▸ **TRY IT**: A verbatim restatement of the data, free of pictures, is what you should output.
━━━ DATA EXTRACT
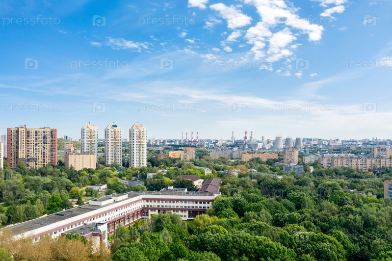 Вид с воздуха на жилые дома города Химки и окраины Москвы
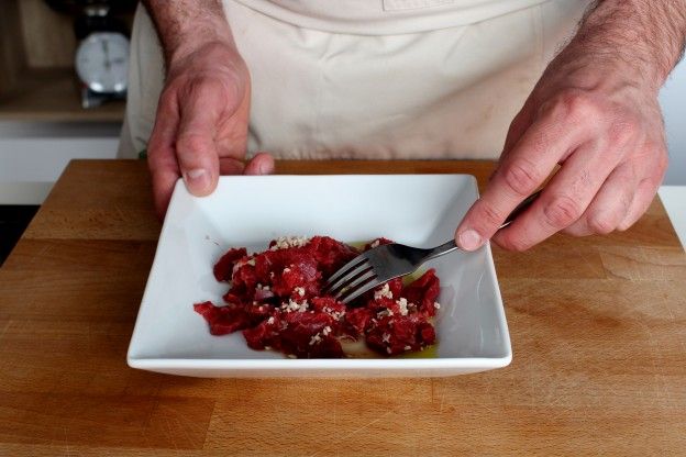 Marinate the meat at room temperature for 30 minutes with the grated garlic, fish sauce, sugar and oil.
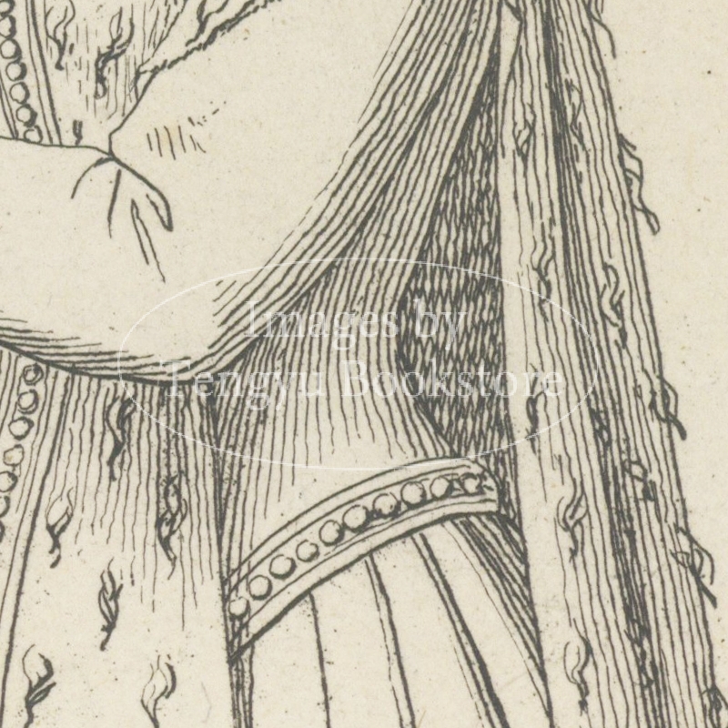 19世紀フランスで刊行された中世~ルネサンス期イタリアの服飾図集「13,14,15世紀の服飾」の1図。本書は中世~ルネサンス期イタリアの絵画や彫刻から抜粋した服飾の図版に解説を加えた西洋服飾史書の古典。
━━━━━━
▸ **WRITTEN ANSWER**:
 Вид с воздуха на жилые дома города Химки и окраины Москвы
 Marinate the meat at room temperature for 30 minutes with the grated garlic, fish sauce, sugar and oil.
 19世紀フランスで刊行された中世~ルネサンス期イタリアの服飾図集「13,14,15世紀の服飾」の1図。本書は中世~ルネサンス期イタリアの絵画や彫刻から抜粋した服飾の図版に解説を加えた西洋服飾史書の古典。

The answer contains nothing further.